* _Given information_:
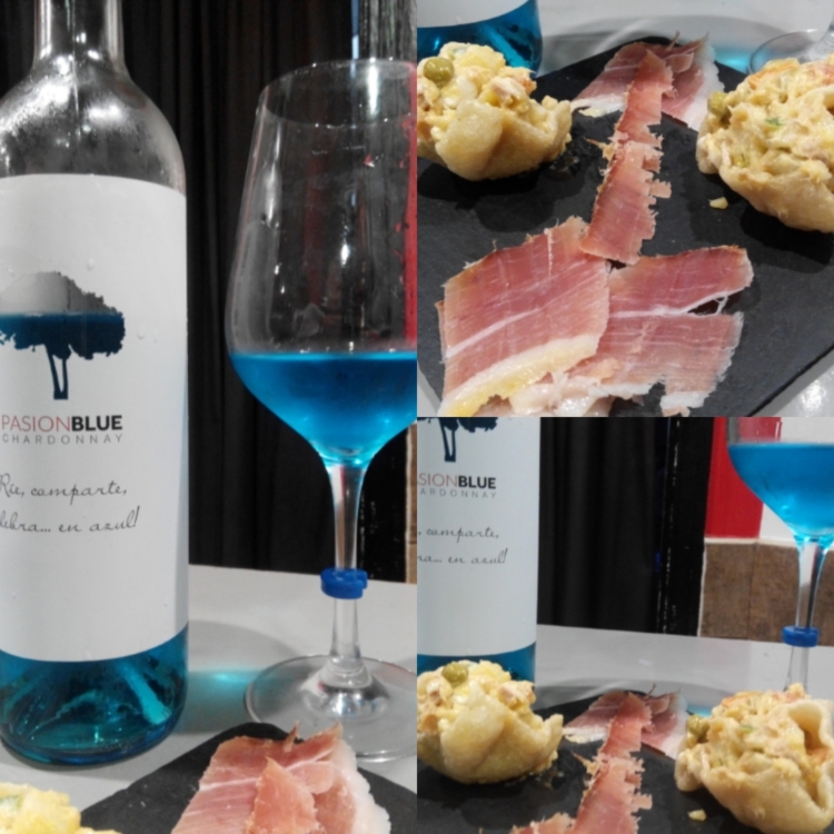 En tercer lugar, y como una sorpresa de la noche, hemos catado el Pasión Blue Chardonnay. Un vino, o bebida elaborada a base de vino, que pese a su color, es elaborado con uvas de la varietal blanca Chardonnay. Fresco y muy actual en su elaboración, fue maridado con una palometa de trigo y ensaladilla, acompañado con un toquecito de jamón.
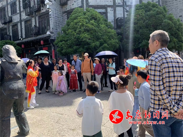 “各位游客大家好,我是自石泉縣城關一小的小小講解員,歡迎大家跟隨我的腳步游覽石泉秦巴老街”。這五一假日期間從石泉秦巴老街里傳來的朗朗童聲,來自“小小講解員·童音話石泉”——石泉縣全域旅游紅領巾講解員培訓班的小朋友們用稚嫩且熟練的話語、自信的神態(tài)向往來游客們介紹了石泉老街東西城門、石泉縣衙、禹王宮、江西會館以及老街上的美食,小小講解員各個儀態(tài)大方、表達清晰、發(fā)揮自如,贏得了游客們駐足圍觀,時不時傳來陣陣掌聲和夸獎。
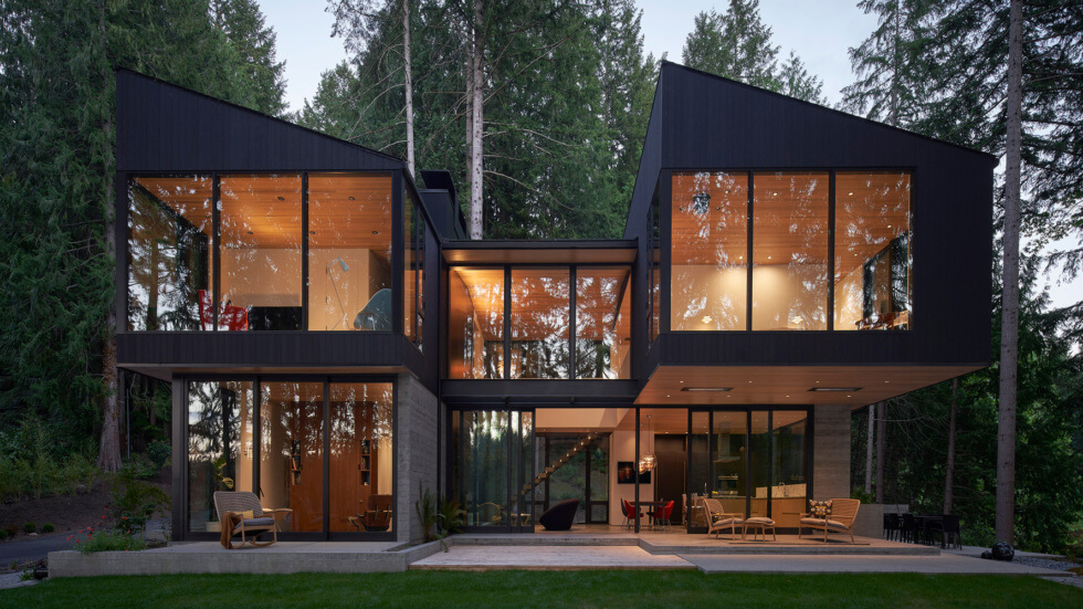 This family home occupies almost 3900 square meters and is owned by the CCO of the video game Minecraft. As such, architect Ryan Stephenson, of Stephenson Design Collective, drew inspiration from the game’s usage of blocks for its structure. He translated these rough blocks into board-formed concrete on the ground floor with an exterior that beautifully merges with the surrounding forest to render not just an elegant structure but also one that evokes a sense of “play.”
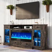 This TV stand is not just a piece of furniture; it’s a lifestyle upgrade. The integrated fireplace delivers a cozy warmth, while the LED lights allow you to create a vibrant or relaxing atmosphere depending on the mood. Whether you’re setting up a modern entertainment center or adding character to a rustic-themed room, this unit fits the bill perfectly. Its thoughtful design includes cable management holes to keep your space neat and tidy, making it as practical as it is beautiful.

* _Work required_:
Each line above must be set down exactly, though no picture should be carried over.

* _Result for this task_:
 En tercer lugar, y como una sorpresa de la noche, hemos catado el Pasión Blue Chardonnay. Un vino, o bebida elaborada a base de vino, que pese a su color, es elaborado con uvas de la varietal blanca Chardonnay. Fresco y muy actual en su elaboración, fue maridado con una palometa de trigo y ensaladilla, acompañado con un toquecito de jamón.
 “各位游客大家好,我是自石泉縣城關一小的小小講解員,歡迎大家跟隨我的腳步游覽石泉秦巴老街”。這五一假日期間從石泉秦巴老街里傳來的朗朗童聲,來自“小小講解員·童音話石泉”——石泉縣全域旅游紅領巾講解員培訓班的小朋友們用稚嫩且熟練的話語、自信的神態(tài)向往來游客們介紹了石泉老街東西城門、石泉縣衙、禹王宮、江西會館以及老街上的美食,小小講解員各個儀態(tài)大方、表達清晰、發(fā)揮自如,贏得了游客們駐足圍觀,時不時傳來陣陣掌聲和夸獎。
 This family home occupies almost 3900 square meters and is owned by the CCO of the video game Minecraft. As such, architect Ryan Stephenson, of Stephenson Design Collective, drew inspiration from the game’s usage of blocks for its structure. He translated these rough blocks into board-formed concrete on the ground floor with an exterior that beautifully merges with the surrounding forest to render not just an elegant structure but also one that evokes a sense of “play.”
 This TV stand is not just a piece of furniture; it’s a lifestyle upgrade. The integrated fireplace delivers a cozy warmth, while the LED lights allow you to create a vibrant or relaxing atmosphere depending on the mood. Whether you’re setting up a modern entertainment center or adding character to a rustic-themed room, this unit fits the bill perfectly. Its thoughtful design includes cable management holes to keep your space neat and tidy, making it as practical as it is beautiful.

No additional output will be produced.